- About this task -
Reproduce the data exactly and drop any pictures it holds.
** Opening Information shown block **
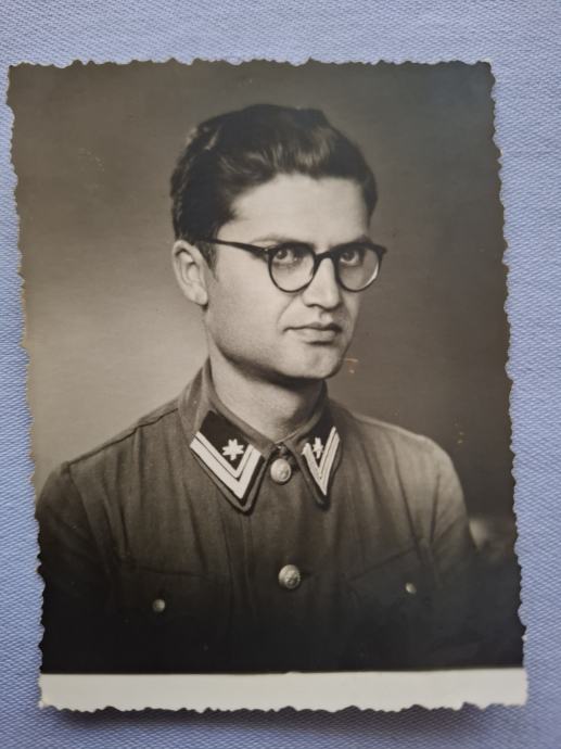Mladi časnik u uniformi sa trolistom na kragni.
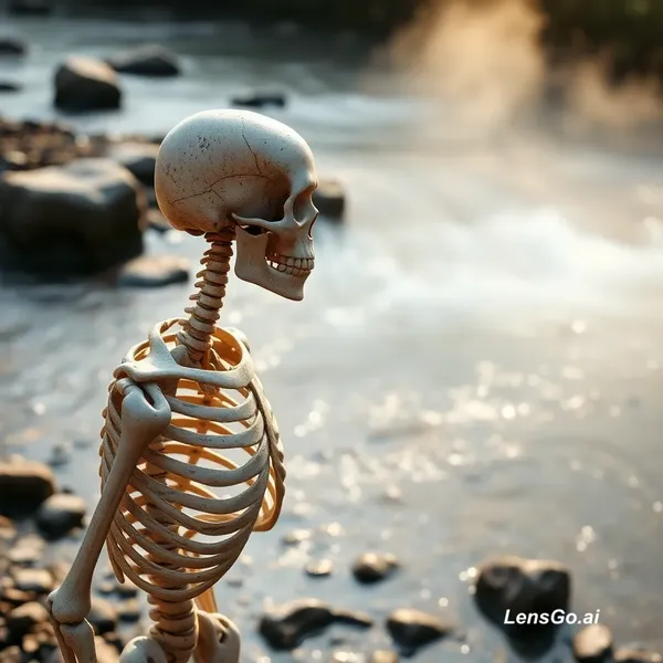 AI Image: Camera pan left to right, skeleton looking around near river, water flowing slowly, light wind movin
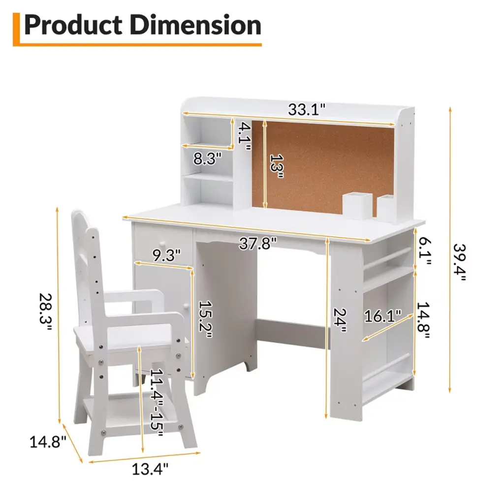 Elevate your child's learning experience with the stylish and functional study desk set, designed to inspire creativity and grow alongside them.Highlights at a Glance:Spacious hutch with a 3-tier shelf for organized storageBulletin board for personalizing their workspaceDurable MDF construction with safe, rounded edgesErgonomic chair with adjustable height for proper postureIdeal for kids ages 3-8, promoting healthy study habitsEasy assembly and low-maintenance cleaningElegant wooden finish enhances any decor styleSpecifications:Material: MDFTable Size: 40"H X 36"L X 18"W Chair Size: Special Features: Includes Cork Bulletin BoardStyle: ModernFriendly Note:Please follow the provided instructions for proper setup and ensure all parts are securely fastened.To keep your desk set looking its best, clean spills immediately with a damp cloth. Avoid using harsh chemicals or abrasive materials that may damage the surface.The study desk features rounded edges and non-toxic finishes, ensuring safety during use. However, adult supervision is recommended, especially with younger children.
** Closing Information shown block **
- Answer to the problem -
Mladi časnik u uniformi sa trolistom na kragni.
 AI Image: Camera pan left to right, skeleton looking around near river, water flowing slowly, light wind movin
 Elevate your child's learning experience with the stylish and functional study desk set, designed to inspire creativity and grow alongside them.Highlights at a Glance:Spacious hutch with a 3-tier shelf for organized storageBulletin board for personalizing their workspaceDurable MDF construction with safe, rounded edgesErgonomic chair with adjustable height for proper postureIdeal for kids ages 3-8, promoting healthy study habitsEasy assembly and low-maintenance cleaningElegant wooden finish enhances any decor styleSpecifications:Material: MDFTable Size: 40"H X 36"L X 18"W Chair Size: Special Features: Includes Cork Bulletin BoardStyle: ModernFriendly Note:Please follow the provided instructions for proper setup and ensure all parts are securely fastened.To keep your desk set looking its best, clean spills immediately with a damp cloth. Avoid using harsh chemicals or abrasive materials that may damage the surface.The study desk features rounded edges and non-toxic finishes, ensuring safety during use. However, adult supervision is recommended, especially with younger children.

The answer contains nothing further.